Biology and Medicine

Overview of Various Molecular Diagnostic Methods

Jinying Lin^* Department of Immunology, the People’s Hospital of Guangxi Zhuang Autonomous Region, Nanning, People's Republic of China
^*Correspondence: Jinying Lin, Department of Immunology, the People’s Hospital of Guangxi Zhuang Autonomous Region, Nanning, People's Republic of China, Email:

Received: 22-Feb-2023, Manuscript No. BLM-23-20940; Editor assigned: 27-Feb-2023, Pre QC No. BLM-23-20940(PQ); Reviewed: 14-Mar-2023, QC No. BLM-23-20940; Revised: 21-Mar-2023, Manuscript No. BLM-23-20940(R); Published: 28-Mar-2023, DOI: 10.35248/0974-8369.23.15.554

Description

Disease diagnosis is an important step in modern medicine, and various methods have been developed over time to detect and identify the underlying causes of illnesses. In recent years, molecular methods have gained increasing prominence in disease diagnosis due to their high sensitivity, specificity, and speed. Molecular methods use the genetic material of pathogens or host organisms to detect, identify, and quantify diseases. The molecular methods of disease diagnosis includes Polymerase Chain Reaction (PCR), Nucleic Acid Amplification Tests (NAATs), and Next-Generation Sequencing (NGS).

PCR is a widely used molecular method that amplifies a specific segment of DNA or RNA in a sample to detect and identify pathogens. The technique relies on the ability of Taq polymerase to extend primers, which are short DNA sequences that bind to the target DNA or RNA. The primers flank the target sequence and define the region to be amplified. The PCR process involves three steps: Denaturation, annealing, and extension. Denaturation involves heating the DNA or RNA sample to separate the double-stranded DNA or RNA into single strands. Annealing involves cooling the sample to allow the primers to bind to the complementary target sequence. Extension involves raising the temperature again to allow Taq polymerase to extend the primers, resulting in the amplification of the target sequence. The amplified sequence can be detected by gel electrophoresis or other detection methods.
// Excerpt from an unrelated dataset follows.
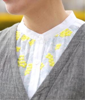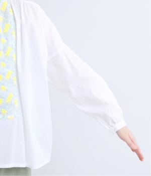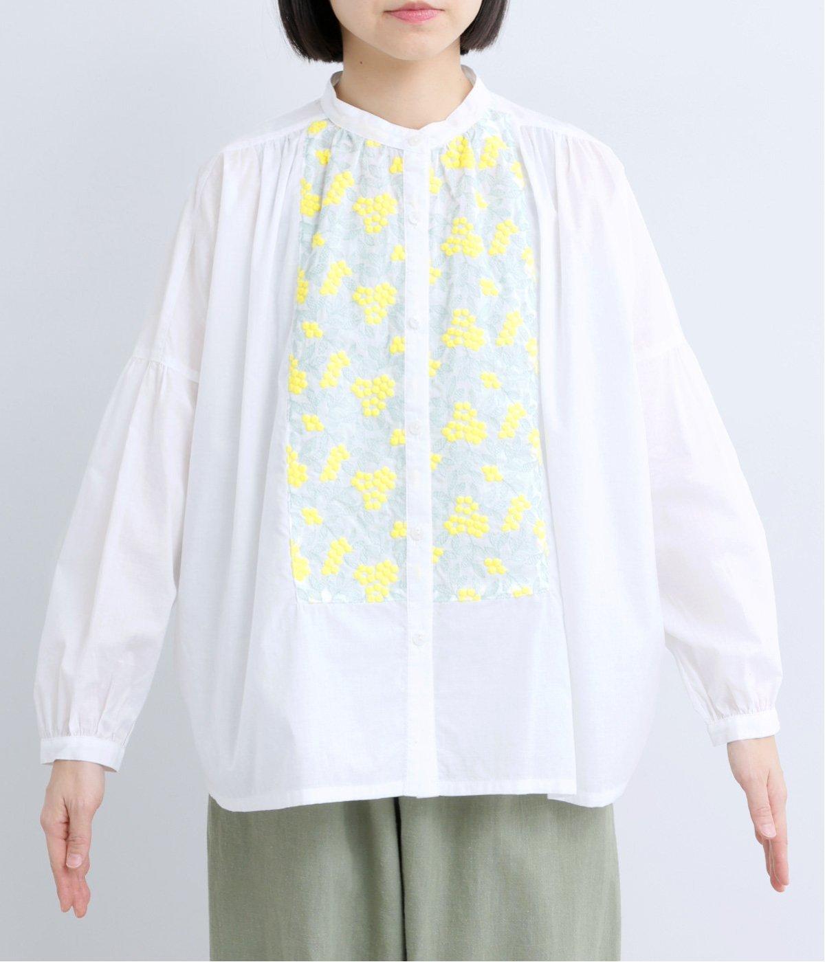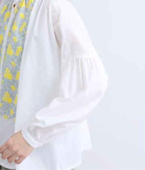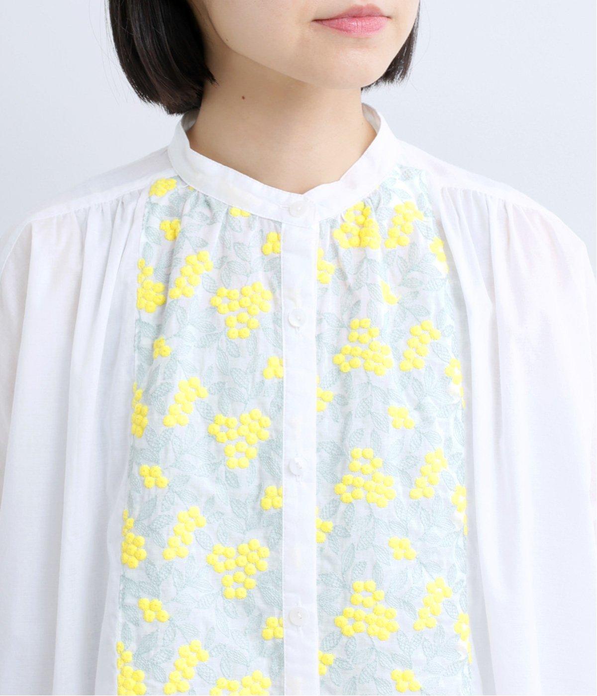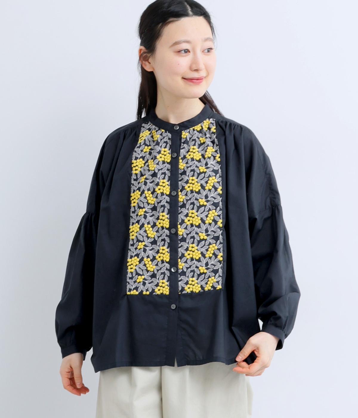 ぷっくりと立体感のあるミモザ刺しゅうが目を引くブラウスです。かわいらしさもありつつ、配色で甘さをおさえ、大人の雰囲気に仕上げました。身頃と袖にほどこしたギャザーが、ふんわりとした立体的なシルエットを演出。シンプルなボトムスと合わせるだけで、華やかさのあるコーディネートが完成します。

NAATs are a group of molecular methods that use various amplification techniques to amplify nucleic acids from pathogens or host organisms. NAATs include PCR, Reverse Transcription PCR (RT-PCR), Loop-Mediated Isothermal Amplification (LAMP), and Strand Displacement Amplification (SDA). NAATs are highly sensitive and specific and can detect a wide range of pathogens, including viruses, bacteria, fungi, and parasites. These have several advantages over conventional methods, including faster turnaround times, lower detection limits, and the ability to detect multiple pathogens simultaneously. NGS is a powerful molecular method that can sequence millions of DNA or RNA fragments in parallel to detect and identify pathogens. NGS involves several steps, including library preparation, sequencing, and data analysis. Library preparation involves fragmenting the DNA or RNA sample and attaching sequencing adapters to the fragments. The fragments are then amplified by PCR to produce a sequence of DNA or RNA fragments. Sequencing involves using a sequencer to read the nucleotides in the fragments, generating millions of short reads. Data analysis involves aligning the short reads to a reference genome or assembling them into contigs to identify the pathogen. NGS can detect and identify pathogens with high accuracy and speed, making it a valuable tool in disease diagnosis.

Molecular methods are highly specific, enabling the detection and identification of pathogens with a high degree of accuracy. These methods can detect multiple pathogens simultaneously, enabling the diagnosis of co-infections and mixed infections. These are less prone to contamination than conventional methods, reducing the risk of false positives. These methods enable the rapid and accurate detection and identification of pathogens, enabling early diagnosis and treatment of diseases. Molecular methods have high specificity, sensitivity, speed, and the ability to detect multiple pathogens simultaneously. These are likely to continue to play an increasingly important role in disease diagnosis in the future, as new technologies and techniques continue to be developed.